The cash-rich Pimpri-Chinchwad Municipal Corporation (PCMC) controlled by Nationalist Congress Party (NCP) leader and former Maharashtra Deputy Chief Minister Ajit Pawar is in trouble after auditors have pointed to irregularities exceeding hundreds of crores of rupees.
A report on a three-year audit of the PCMC concluded that there were no documents and files to account for Rs. 394 crore expenses. The audit report pertains to the financial years 2005-06, 2006-07 and 2007-08.
Mr. Pawar, deeply mired in allegations of corruption in the multi-crore irrigation scam, calls the shots in the operations of the PCMC Township, in itself considered an NCP bastion in Pune district.
The auditors have raised objections to unaccounted expenses in the form of a Bill of Rs. 44 crore, allegedly granted for various public works.
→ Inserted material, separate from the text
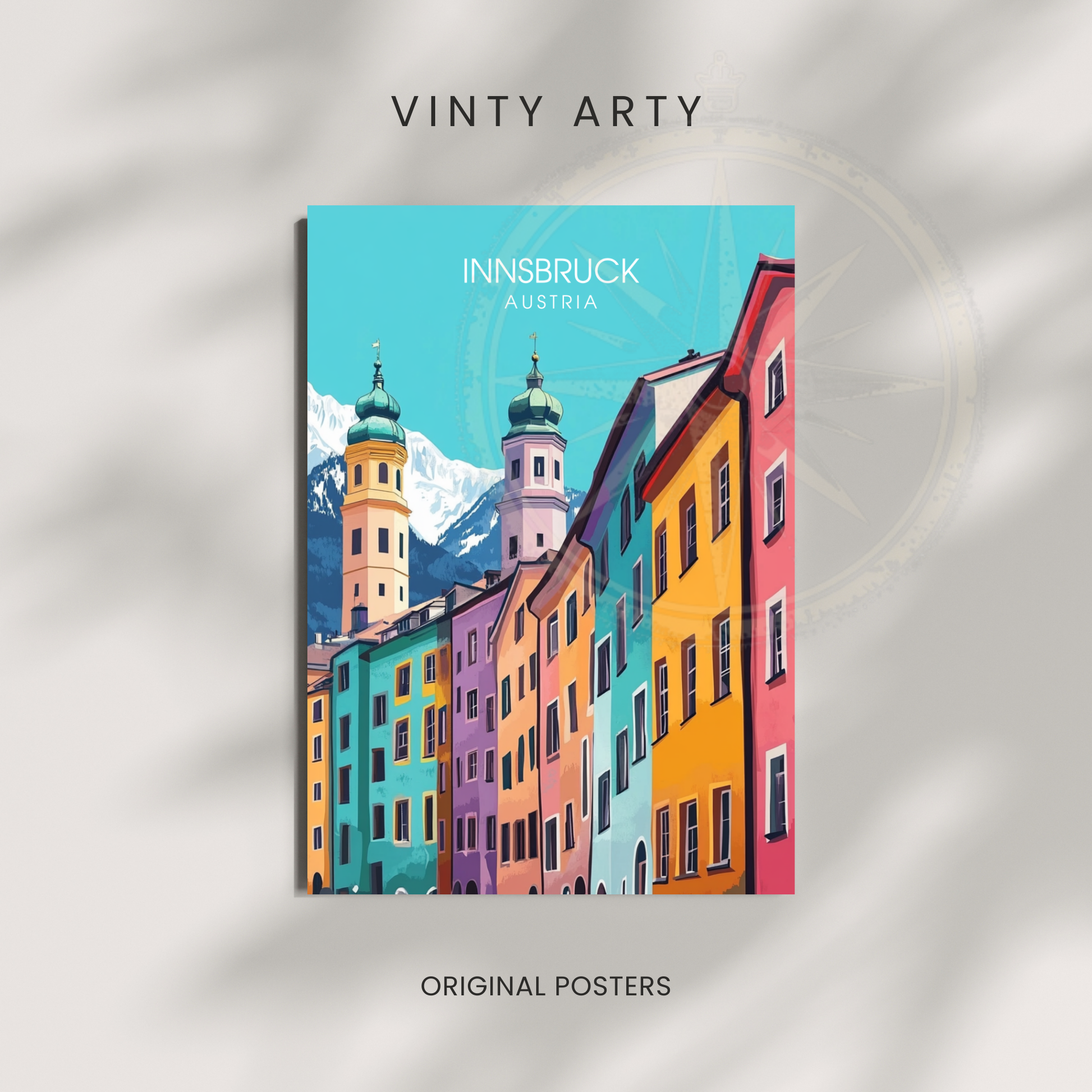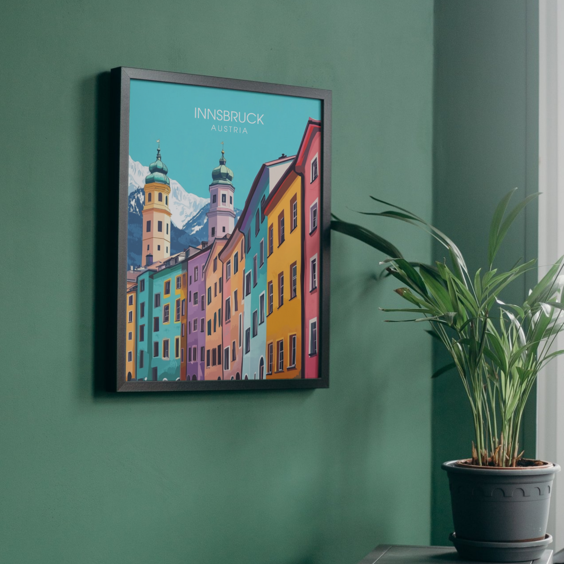Cette affiche illustrée Innsbruck Autriche est un véritable hommage graphique à cette ville emblématique des Alpes. Elle évoque à la fois les berges de l’Inn, les maisons pastel du centre historique et les sommets majestueux qui entourent la ville. Son style épuré lui permet de trouver sa place aussi bien dans un salon que dans un bureau ou une chambre.

Pune-based activist and Aam Aadmi Party (AAP) leader Maruti Bhapkar, who filed a public interest litigation (PIL) petition in the Bombay High Court in 1999, alleged that the cumulative “irregularities” within the PCMC in the last decade exceeded Rs. 900 crore.
No audit for 18 yearsSpeaking to The Hindu , Mr. Bhapkar alleged that the PCMC (constituted in 1970) had not conducted any audit during an 18-year period before 2000.
In 2001, the Bombay High Court passing strictures, suggested dissolution of the PCMC after auditors raised strong objections about unaccounted expenditure of Rs. 500 crore.
“There is nothing surprising in the ‘missing documents’ unravelled in this audit report. While corporators of all political parties are involved in this scam, there is no doubt of the NCP’s primacy as it has held power for the maximum time in recent years,” Mr. Bhapkar said, demanding strict action against the guilty officials and corporators.
However, the NCP, which holds a majority in the PCMC, has refuted any role in the scam, for which it blamed the “corrupt” civic administration. “Our party is in no way involved in this. In fact, it is we who have been clamouring for regular audits,” said Yogesh Behl, NCP leader from Pune.
Meanwhile, Padmashree Taldekar, the chief auditor, said PCMC authorities were given a month to produce the missing documents.